### Problem description
Please repeat exactly, and only, the lines from the one containing "Stormtroopers. Clone troopers." through the end of the records below, with no pictures.

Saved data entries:
==================================================

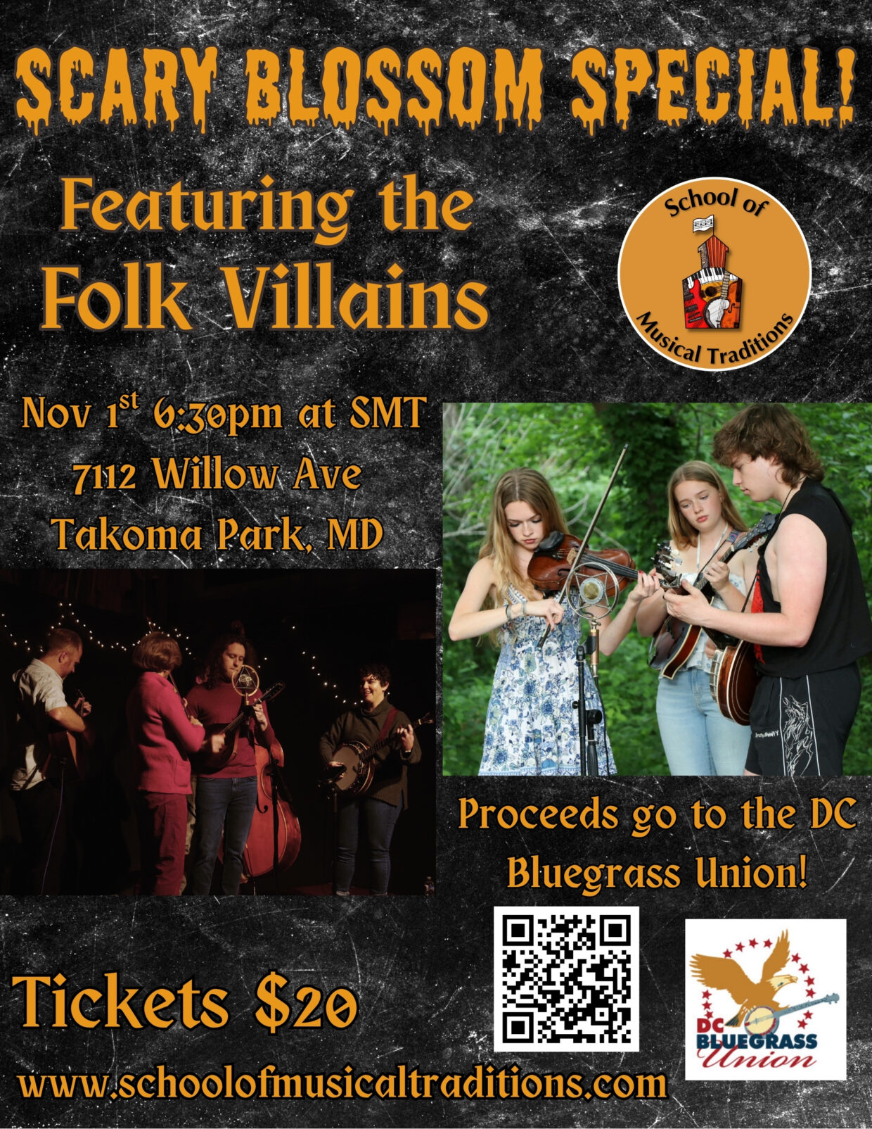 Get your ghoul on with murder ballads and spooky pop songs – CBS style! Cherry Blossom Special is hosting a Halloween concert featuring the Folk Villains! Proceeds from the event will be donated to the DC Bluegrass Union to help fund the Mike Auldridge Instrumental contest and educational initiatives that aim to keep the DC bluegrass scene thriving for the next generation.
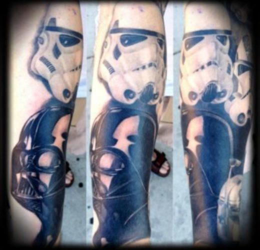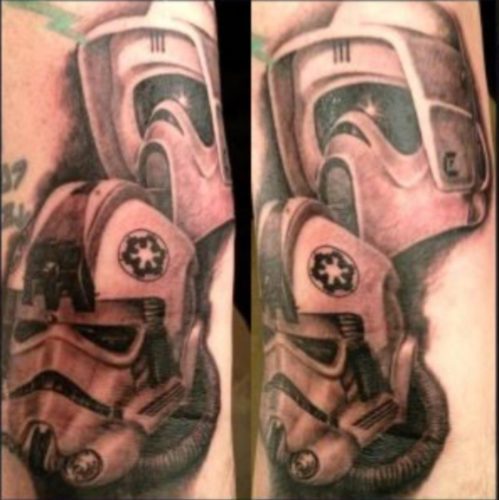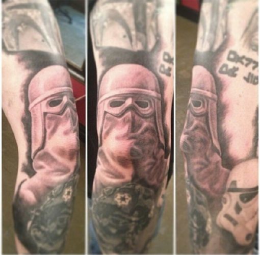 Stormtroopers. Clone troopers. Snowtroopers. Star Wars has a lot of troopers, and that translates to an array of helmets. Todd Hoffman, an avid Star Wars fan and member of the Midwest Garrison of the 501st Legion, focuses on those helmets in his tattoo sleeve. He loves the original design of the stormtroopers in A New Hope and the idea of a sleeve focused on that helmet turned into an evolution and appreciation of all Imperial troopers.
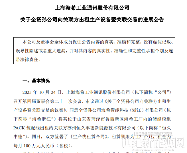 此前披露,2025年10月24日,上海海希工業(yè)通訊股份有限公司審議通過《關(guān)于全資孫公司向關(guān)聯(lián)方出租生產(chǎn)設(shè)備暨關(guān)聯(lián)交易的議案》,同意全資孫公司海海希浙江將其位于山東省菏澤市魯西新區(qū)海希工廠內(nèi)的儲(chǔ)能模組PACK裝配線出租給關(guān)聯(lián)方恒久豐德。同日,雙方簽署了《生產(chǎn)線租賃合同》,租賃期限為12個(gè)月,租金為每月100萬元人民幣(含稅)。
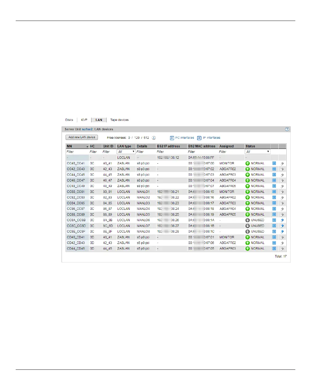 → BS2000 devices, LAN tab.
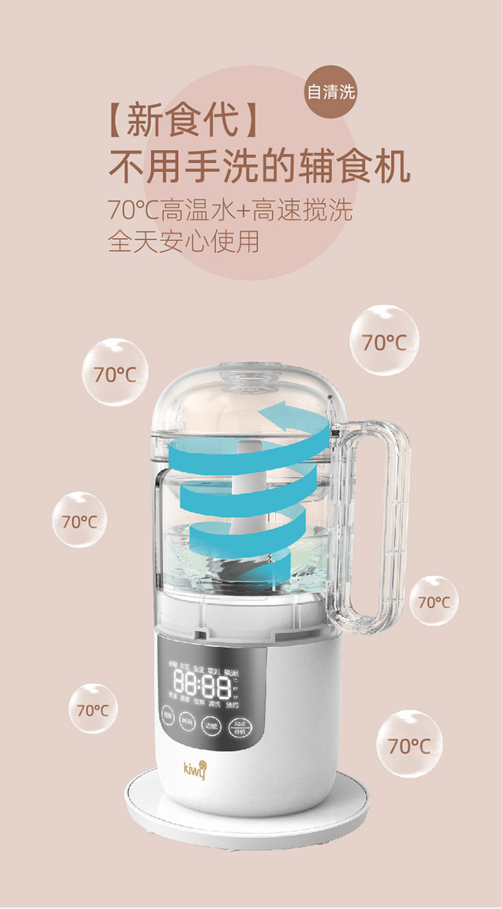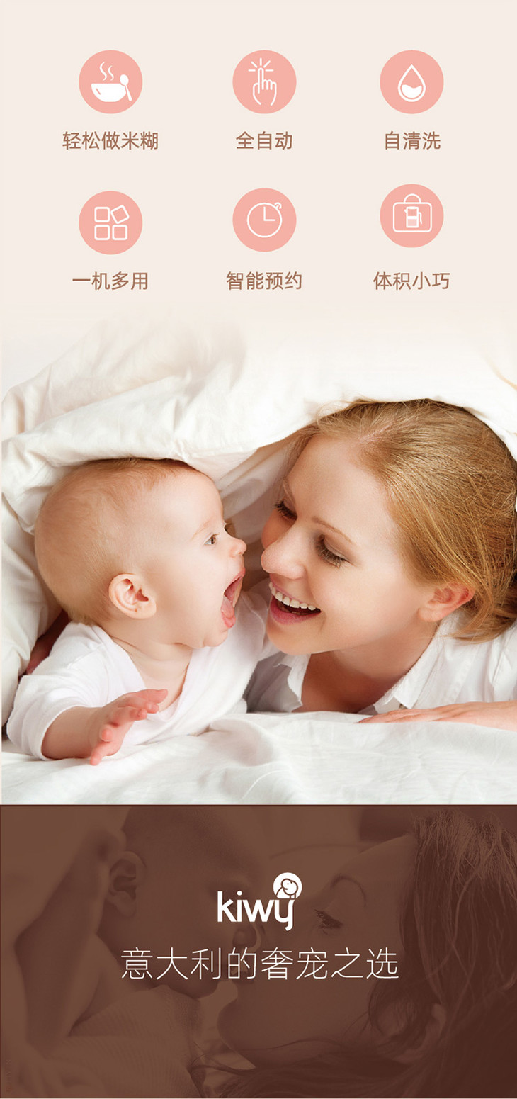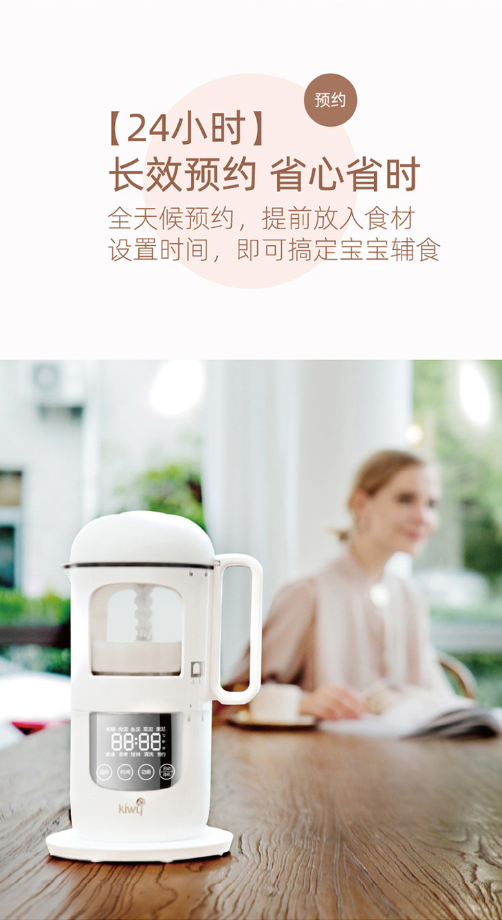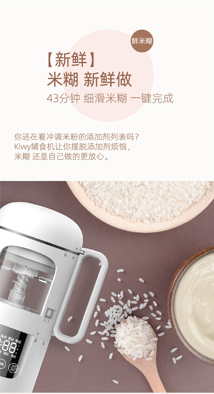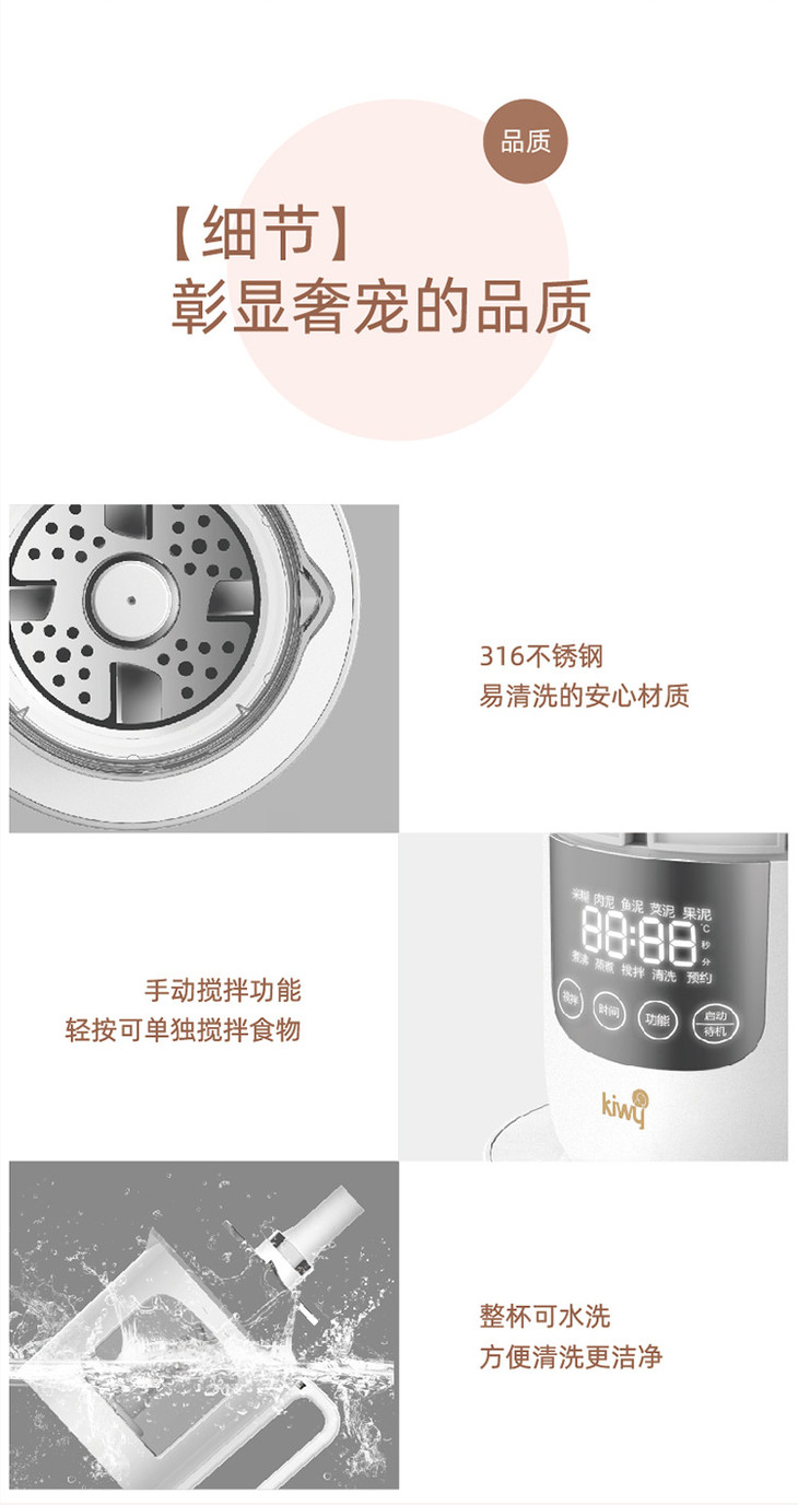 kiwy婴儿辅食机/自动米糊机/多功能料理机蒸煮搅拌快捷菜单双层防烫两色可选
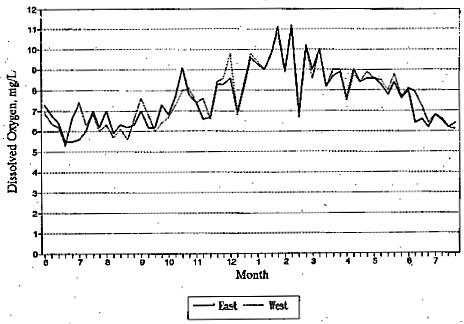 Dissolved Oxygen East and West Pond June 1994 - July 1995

==================================================

### Response
 Stormtroopers. Clone troopers. Snowtroopers. Star Wars has a lot of troopers, and that translates to an array of helmets. Todd Hoffman, an avid Star Wars fan and member of the Midwest Garrison of the 501st Legion, focuses on those helmets in his tattoo sleeve. He loves the original design of the stormtroopers in A New Hope and the idea of a sleeve focused on that helmet turned into an evolution and appreciation of all Imperial troopers.
 此前披露,2025年10月24日,上海海希工業(yè)通訊股份有限公司審議通過《關(guān)于全資孫公司向關(guān)聯(lián)方出租生產(chǎn)設(shè)備暨關(guān)聯(lián)交易的議案》,同意全資孫公司海海希浙江將其位于山東省菏澤市魯西新區(qū)海希工廠內(nèi)的儲(chǔ)能模組PACK裝配線出租給關(guān)聯(lián)方恒久豐德。同日,雙方簽署了《生產(chǎn)線租賃合同》,租賃期限為12個(gè)月,租金為每月100萬元人民幣(含稅)。
 → BS2000 devices, LAN tab.
 kiwy婴儿辅食机/自动米糊机/多功能料理机蒸煮搅拌快捷菜单双层防烫两色可选
 Dissolved Oxygen East and West Pond June 1994 - July 1995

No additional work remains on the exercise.